Many firms dictate to their advisors and brokers the exact type of client they want to solicit. Although it is not written in stone, most of the bulge bracket firms want their reps to prospect for middle-age (or older) individuals with liquid assets in the $1 million and $5 million range.

These can be lucrative clients, but it also can be argued that the bulge brackets have it all wrong. Some believe that advisors should target people between 21 and 45-years-old whose cash or liquid investments fall between $50,000 and $500,000. That, however, can be too narrow-focused and leave a large swatch of potential clients off your radar. If you're an advisor looking to add to your book of business, you perhaps shouldn't overlook the younger and less affluent group of investors.

Key Takeaways

  • Many financial advisors are taught to seek out new clients with a large amount of liquid assets, many of whom are older, in order to keep a steady business.
  • Younger, less affluent clients, however, are often in need of financial advice and although they have less to invest for now are also less likely to already have an advisor.
  • Regardless of your target demographic, understanding where and how to meet more people that fit that mold is important to growing your book of business.

Client Demographics

Most middle age and older individuals with high net worth are set in their ways. They are more likely to already have financial advisors and are not very receptive to newcomers attempting to solicit their funds for investment. In contrast, their younger, less affluent counterparts are generally much more receptive to advice. They are also more likely to have life-changing events that create situations of liquidity, and thus an opportunity for the savvy advisor.

As a registered rep, this doesn't mean that you should turn down higher-end accounts. They are great income generators and, if you do a good job, they are likely to refer you to other wealthy individuals. Remember, however, that younger workers are more apt to switch jobs (and roll their 401(k) money into an IRA) and buy or sell houses as their family grows. These are instances when they are likely to need the advice of a financial professional, and they occur more frequently with younger demographics.

Furthermore, the younger generation is more likely to have children who, in many cases, will need a bundle to go to college. A smart, aggressive advisor can help lead the way towards achieving a young family's financial goals. After all, these younger, less affluent families are really just starting off. As their families grow and their life situations change you will have countless opportunities to build on a mutually beneficial relationship.

You may also consider narrowing your practice to target high-net worth clients, or else working class families. Wealthy clients can be lucrative, but there are less of them around and many of them already have advisor relationships—in other words, the competition can be fierce. Working and middle class clients are much more plentiful and less likely to already have an advisor.

Of course, you'll need to accumulate a larger book of business from smaller clients to equal perhaps just one wealthy client—so weigh your tradeoffs. Wealthy clients may be more demanding, expect top quality service, and be more focused on returns in the short-run, while less affluent clients may be more interested in hitting goals like college or retirement saving.

Finding Potential Clients

So, how do you find these individuals so that you can make your sales pitch?
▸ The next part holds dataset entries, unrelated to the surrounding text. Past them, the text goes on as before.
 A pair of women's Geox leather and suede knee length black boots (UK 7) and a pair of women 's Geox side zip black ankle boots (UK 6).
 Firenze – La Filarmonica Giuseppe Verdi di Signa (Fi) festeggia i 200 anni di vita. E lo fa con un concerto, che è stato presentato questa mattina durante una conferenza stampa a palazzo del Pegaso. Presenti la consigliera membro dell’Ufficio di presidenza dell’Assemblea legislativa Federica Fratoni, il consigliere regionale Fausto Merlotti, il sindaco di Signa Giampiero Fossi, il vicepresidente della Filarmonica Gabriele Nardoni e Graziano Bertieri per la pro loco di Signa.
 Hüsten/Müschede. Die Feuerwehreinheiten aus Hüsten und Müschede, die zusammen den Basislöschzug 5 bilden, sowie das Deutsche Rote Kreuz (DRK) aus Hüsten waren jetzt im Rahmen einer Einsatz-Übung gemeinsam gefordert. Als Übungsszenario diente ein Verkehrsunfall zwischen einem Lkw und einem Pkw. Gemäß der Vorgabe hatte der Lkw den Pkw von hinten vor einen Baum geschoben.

As a registered rep, you can sign up for a number of mailing lists provided by marketing firms that can help you pinpoint your demographic. Of course, you can always check out your local phone book as well. Local marketing firms can provide you with similar data. Look for lists of people in your area as they will be easier to contact. Several online-only services also now exist that can provide leads by email or social media marketing.

Local Organizations

Consider joining your local chamber of commerce. This will allow you to meet a variety of business owners and prominent people in your community. These folks are likely to need funding for business ventures, and if you develop a relationship with them you may be the one they choose to help them do it.
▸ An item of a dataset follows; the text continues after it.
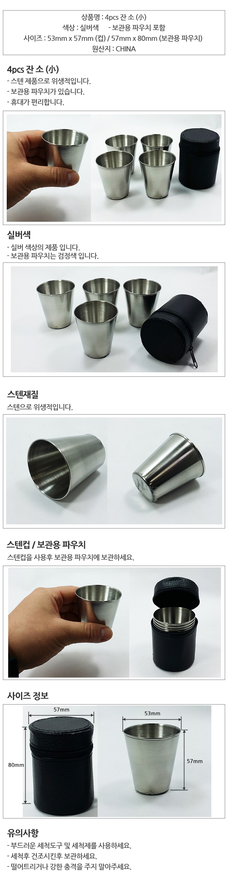 4pcs 잔 小 (보관용 파우치 포함)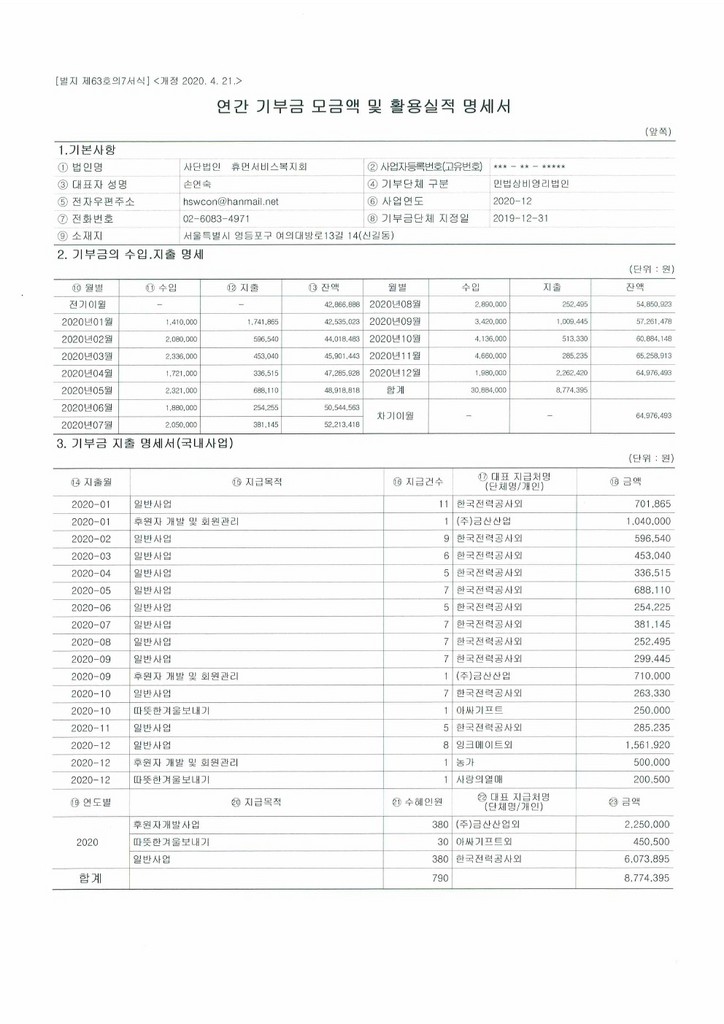 | 2020년 연간기부금 모금액 및 활용실적 명세서 | ||

Also, think about joining the local gym or other local organizations that may provide networking opportunities. These will allow you to meet a diverse group of people that are in your community. Remember, people like doing business with someone that they can see and touch, as opposed to just a voice over the phone or text in an email.

Link Up with Other Professionals

Make friends with local CPAs, attorneys, doctors, auto sales agents, real estate agents, and insurance agents. These people will have details on the financial conditions of several locals who fit into the demographic you want to target. Offer to set up a referral system, where you feed them business, and they'll send business your way. This works! And it is a great way to get a wealth of qualified prospects without cold calling. Professional networking organizations like BNI and the chamber of commerce can be a great resource for linking up and sharing referrals.

School Events

Consider contacting local schools to give the kids a (free) discussion about your career as a registered rep. School administrators are usually receptive to this. This allows you to introduce yourself to new members of the community as well as contribute to the children's understanding of saving and investing. You can even send the kids home with your business card and literature describing yourself, your firm, your licensures, and your abilities. This will open up a number of doors to young couples with growing families in your community.

Look Local

Your local communities are filled with younger, less wealthy investors who are open to the idea of hiring a financial advisor for themselves and their families. Advisors have to be creative in their methods for finding them and making the sales pitch count. These individuals are not always high net worth investors, and no one client is going to make you extremely wealthy. Over time, however, adding a significant number of these clients to your book of business will almost guarantee a steady stream of commission in the not-so-distant future.